Create a new directory (e.g. 'ML') on your desktop and save the treepuzzle iqpnni executables and datasets there.
We will analyze a dataset of HIV1 group M sequences of types A, B, C, D, and G and some outgroup sequences (HIV1 group O and SIV).
To do so, we start tree-puzzle-clicky.exe in the same directory as the dataset - enter the dataset name (hivALN.phy) when prompted for. To measure the phylogenetic content of a dataset switch the type of analysis to likelihood mapping ('b') and do not group the sequences. Switch on rate reterogeneity ('w') and set the number of categories ('c') to 4. Start the mapping analysis typing 'y'.
Examine the result of the datasets in hivALN.phy.puzzle with a text editor and the likelihood mapping diagram dataset-name.eps (or with a postscript viewer like gsview (should be installed).
Is the dataset siutable for phylogenetic analysis?
Start iqpnni.exe in the same directory as
the dataset with a double click. Enter the dataset name (hivALN.phy)
when prompted for.
We switch the the model to incorporate rate heterogeneity ('r').
Start the analysis by typing 'y'.
The results will be found in hivALN.phy.iqpnni,
the ML tree hivALN.phy.iqpnni.treefile.
View the two estimated tree with a tree viewer like FigTree (should be installed).
Can we be sure about the groupings? Do they fit your view of HIV1 evolution?
Start tree-puzzle-clicky.exe with a double-click in the same directory as the dataset. Enter the dataset name (hivALN.phy) when prompted for. Change the option 'w' to switch rate heterogeneity on and change the number of Gamma rate categories to 4 with option ('c'). Start the analysis by typing 'y'.
The results will be found in hivALN.phy.puzzle, the tree in hivALN.phy.eps.
View the two estimated tree with a tree viewer like FigTree (should be installed). The numbers are PUZZLE support values. They behave similar to Bootstrap values, but they are NOT the same.
What is different compared to the ML tree? What do the support values tell you?
An (unrooted) multifurcation with 5 branches can be resolved in 15 different ways. The file hivALN.15trees contains all 15 resolutions to the TREE-PUZZLE tree.

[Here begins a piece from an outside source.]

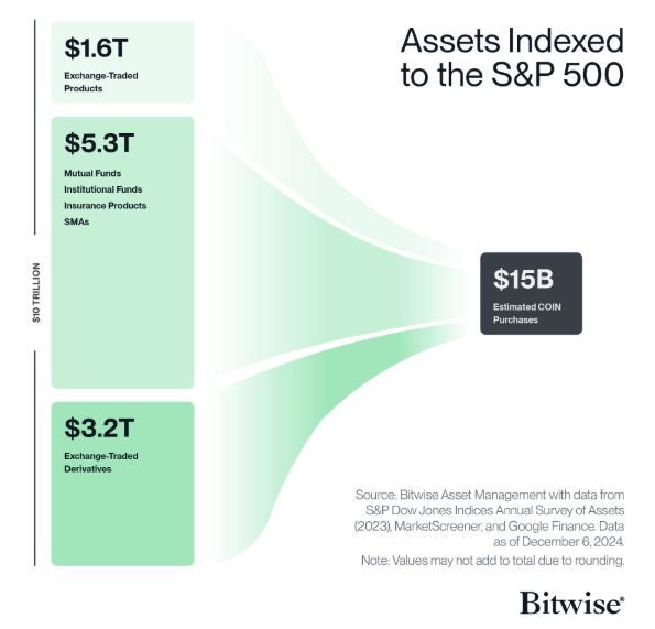 Дані Bitwise підкреслюють, що 5,3 трлн доларів від інституційних інвесторів та 1,6 трлн доларів від ETF-ів сприятимуть 15 млрд доларів у прогнозованих покупках Coinbase. Це відображає зростаюче визнання криптокомпаній у традиційних фінансах (TradFi).
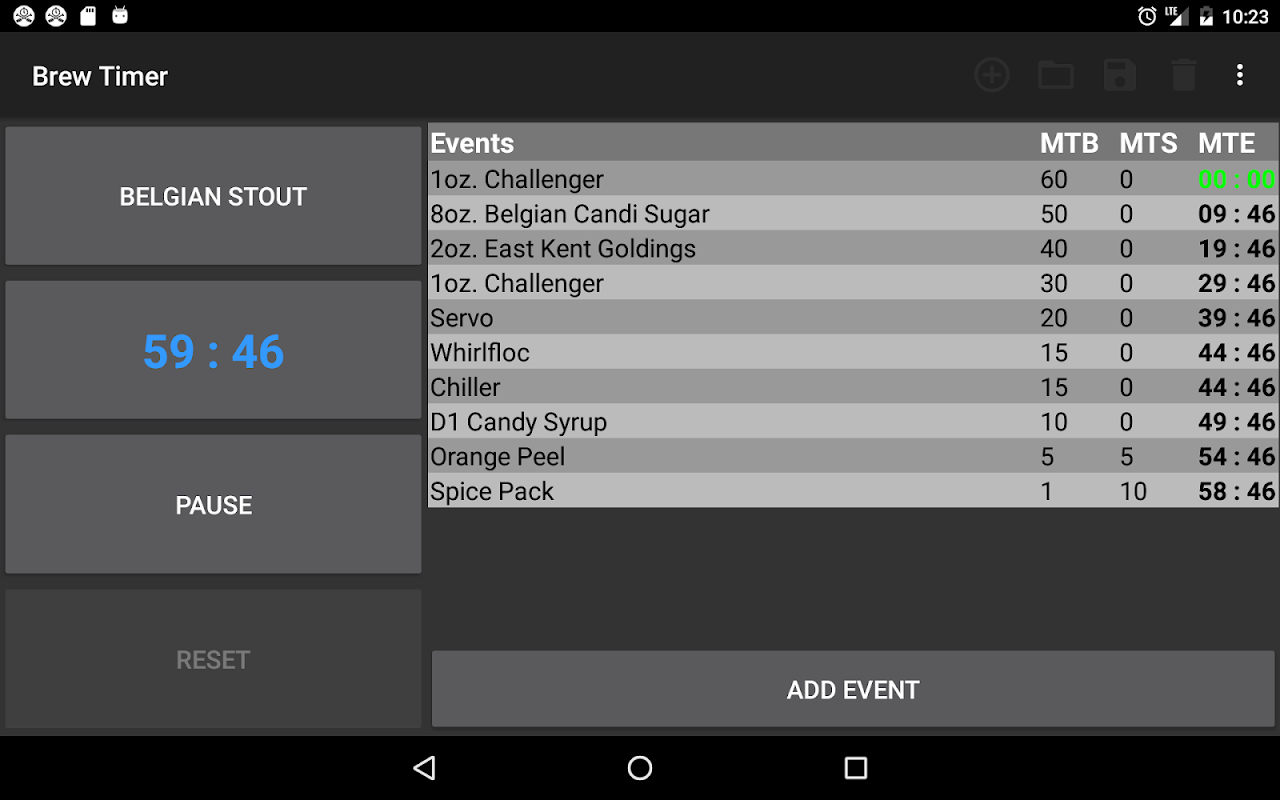 - Cada perfil da receita pode conter eventos para todos os processos de fabricação de cerveja cronometrados.

We now want to compute the ML values for each of them and compare these whether we still can find a best tree.
Start tree-puzzle-clicky.exe with a double-click in the same directory as the dataset. Enter the dataset name (hivALN.phy) when prompted for a sequence file and the hivALN.15trees when prompted for a trees-file.
To test trees on a dataset switch the tree search procedure to evaluate user defined trees ('k'). Change option to use neighbor-joining tree ('x') for parameter estimation. Change the option 'w' to switch rate heterogeneity on and change the number of Gamma rate categories to 4 with option ('c'). Start the analysis by typing 'y'.
Examine the results in hivALN.15trees.puzzle with a text editor. At the end is a table of results from three different tests (Kishino-Hasegawa test 1pKH, Shimodaira-Hasegawa test SH, Expected Likelihood Weights ELW) containing all the trees. Those being marked by '-' are concidered significantly worse than the best tree while those with '+' are not.
Is there a clear preference for a single tree? If not think of explainations why this might be the case.